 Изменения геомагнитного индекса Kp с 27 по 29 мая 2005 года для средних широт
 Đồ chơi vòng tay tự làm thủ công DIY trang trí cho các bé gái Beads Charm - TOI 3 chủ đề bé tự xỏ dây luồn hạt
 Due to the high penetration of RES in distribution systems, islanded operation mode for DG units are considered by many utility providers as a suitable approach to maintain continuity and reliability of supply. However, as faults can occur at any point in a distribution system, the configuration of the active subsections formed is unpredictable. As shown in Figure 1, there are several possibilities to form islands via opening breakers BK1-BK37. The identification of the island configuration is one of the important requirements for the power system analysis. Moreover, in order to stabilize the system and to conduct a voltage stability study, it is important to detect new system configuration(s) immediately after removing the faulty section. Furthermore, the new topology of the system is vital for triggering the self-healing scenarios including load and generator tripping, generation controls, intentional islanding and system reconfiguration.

○ ○ ○ ○ ○

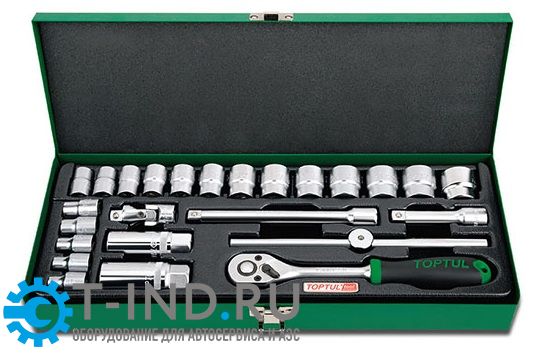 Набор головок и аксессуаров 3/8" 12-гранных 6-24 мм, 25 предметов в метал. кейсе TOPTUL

○ ○ ○ ○ ○

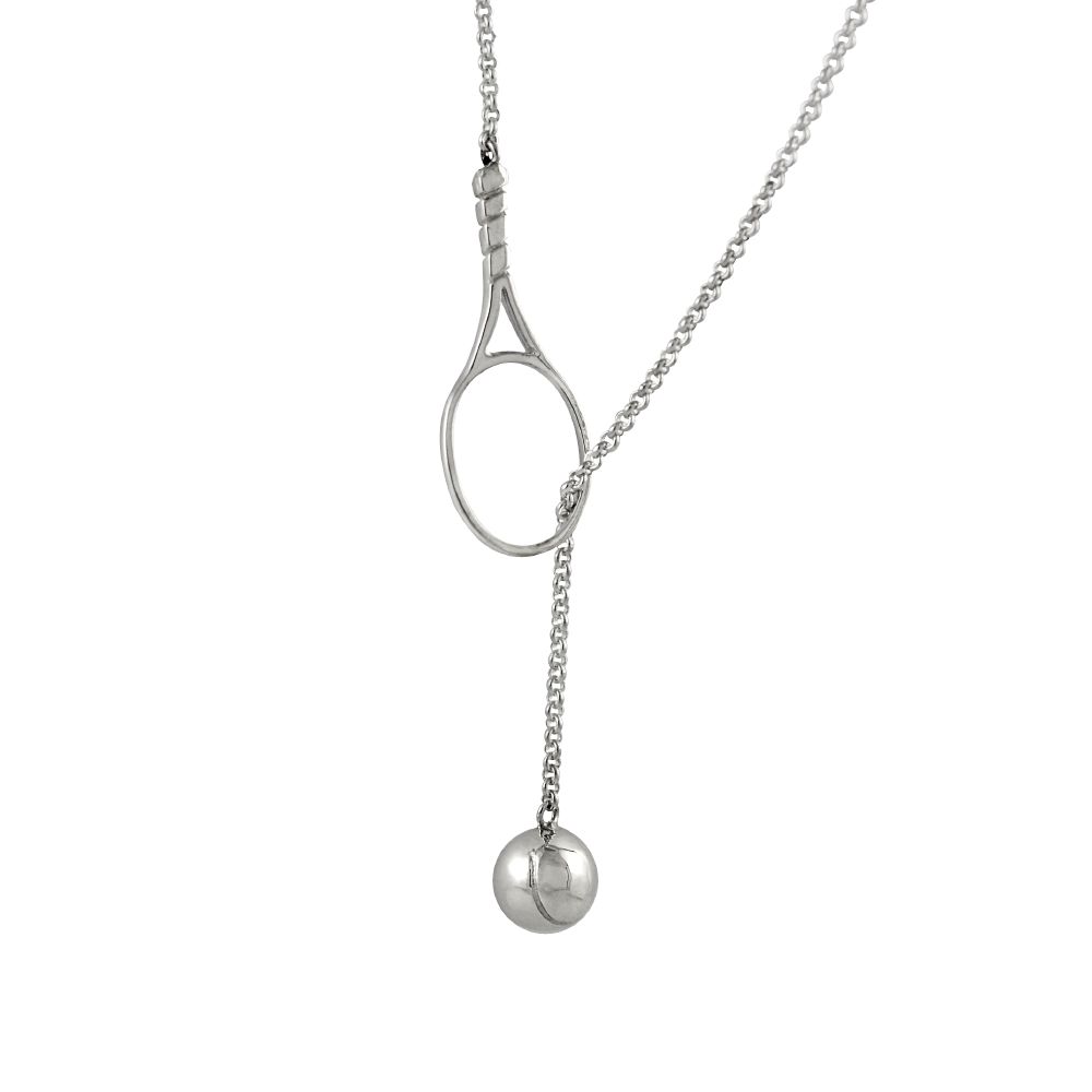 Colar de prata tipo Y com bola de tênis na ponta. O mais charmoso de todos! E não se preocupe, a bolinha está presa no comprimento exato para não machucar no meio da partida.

○ ○ ○ ○ ○

When you reach the line with "Изменения геомагнитного индекса" in the records above, start writing out lines exactly, and stop once the line with "Đồ chơi vòng" has been written; include nothing else.

(Result below):
 Изменения геомагнитного индекса Kp с 27 по 29 мая 2005 года для средних широт
 Đồ chơi vòng tay tự làm thủ công DIY trang trí cho các bé gái Beads Charm - TOI 3 chủ đề bé tự xỏ dây luồn hạt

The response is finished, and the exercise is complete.